Apple Cuts iPhone 6s And 6s Plus Component Orders By 30 Percent Due To Slowing Demand

The negative news about Apple's iPhone demand just keeps coming. After shares of the company's stock finished in the red this year for the first time since 2008, a new report now indicates that component orders for the Apple iPhone 6s and iPhone 6s Plus have been cut by a sizeable 30 percent due to slowing demand for the devices heading into the new year.

The report states that Apple was overly bullish on sales expectations for the devices in the December quarter, and as a result, a slew of available iPhones remain on the shelves. It also indicates that Apple initially instructed its suppliers to keep pushing out new handsets at the same pace as that of the 2014 iPhone 6 and iPhone 6 Plus, based on that year's record breaking sales of the new devices.

Another recent report signaled a change in fortunes for the company's flagship smartphones, as Foxconn, the company that manufactures the iPhones for Apple in China, had begun reducing overtime for workers involved in the handsets' production.

The new report, which comes from a highly reliable source, the Nikkei Asian Review, only solidifies other recent rumors of a slowdown in demand for Apple smartphones.
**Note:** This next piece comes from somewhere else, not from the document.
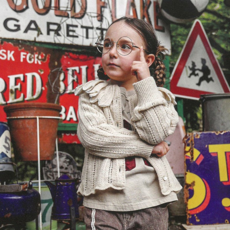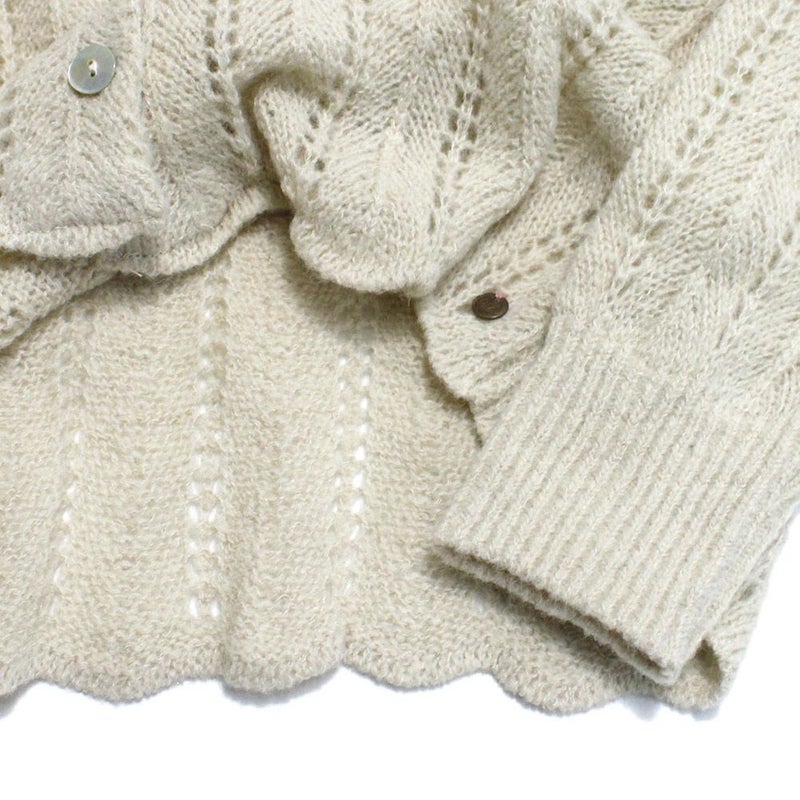フリフリの衿に衿端のラメがアクセントとなった、透かし編みのニットカーディガン。

In addition, top analysts at FBR & Co., RBC Capital Markets, J.P. Morgan and Morgan Stanley have all recently reduced their estimates for iPhone sales.
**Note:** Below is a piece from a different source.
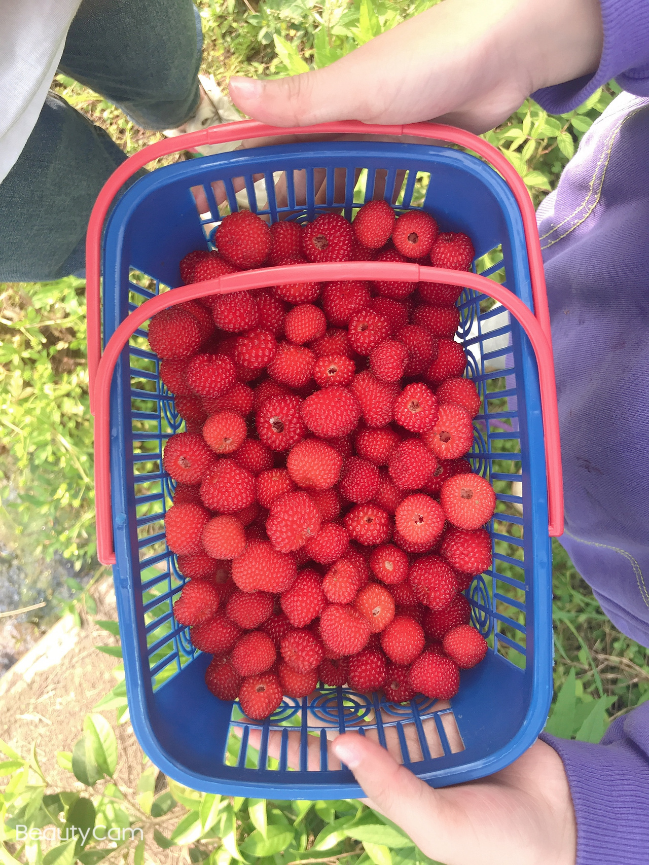 我们采摘小分队也陆续走进了树林里。山上的“阿公公”可真多呀!远远望去,“阿公公”像红宝石,在阳光下闪闪发光;走近一看,发现它可真神奇:它是由无数颗迷你小浆果组成的,每一颗都鼓鼓的。正当我看得如痴如醉时,爸爸提议道:“不如我们来一场比赛吧,看谁采得最多。”看着眼前的“阿公公”,我心中立即涌起一股不服输的劲儿,开始采起来。我小心翼翼地摘着,确保它们完好无损。碰到有刺的地方,我会用随身带的小木棍拨开枝叶,就能轻松地采到“阿公公”了,看来“神器”算是带对啦!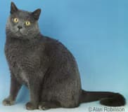 The Chartreaux has a religious background. This beautiful blue cat was probably brought to France from the Middle East in the 1500s. The Chartreaux were actively bred by Carthusian monks near Paris, and were probably working cats.A methodical Chartreaux breeding programme was started in France in the late 1920s, which resulted in a strong, healthy shorthaired blue cat with a lovely face and a powerful body. The Chartreaux was imported to Britain, not only to be bred as its own breed, but also to enhance the body, coat type and coat colour of the British shorthair.During World War II, the Chartreaux was almost lost. Through the work of dedicated breeders, it has been brought back as a viable, healthy breed, although still relatively rare.

The reduced demand appears to be at least in part due to a wider trend that will continue to affect other smartphone manufacturers, as Samsung, Apple's biggest competitor, has recently acknowledged it expects a reduction in smartphone sales in 2016.
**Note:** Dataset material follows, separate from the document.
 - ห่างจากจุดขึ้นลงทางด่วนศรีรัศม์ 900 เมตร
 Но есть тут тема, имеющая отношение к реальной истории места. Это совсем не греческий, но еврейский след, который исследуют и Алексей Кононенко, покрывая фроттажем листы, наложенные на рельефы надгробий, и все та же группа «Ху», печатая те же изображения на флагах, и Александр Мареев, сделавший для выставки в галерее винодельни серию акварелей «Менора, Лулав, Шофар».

Still, Apple has always been one to rise above whatever current demand or economic issues were dictating the fates of its rivals by differentiating itself through superior technological and design innovation. While the company was once able to briefly rest on its laurels in the odd numbered years that brought us the "s" models, it appears that some consumers are no longer willing to shell out the cost of a new handset for a phone that only includes incremental improvements (in the most recent case, 3D Touch and upgraded camera capabilities). Perhaps it's time for Apple to rethink the two-year cycle and bring something really worthwhile to the table every time, in order to entice consumers on the fence not to wait until next year.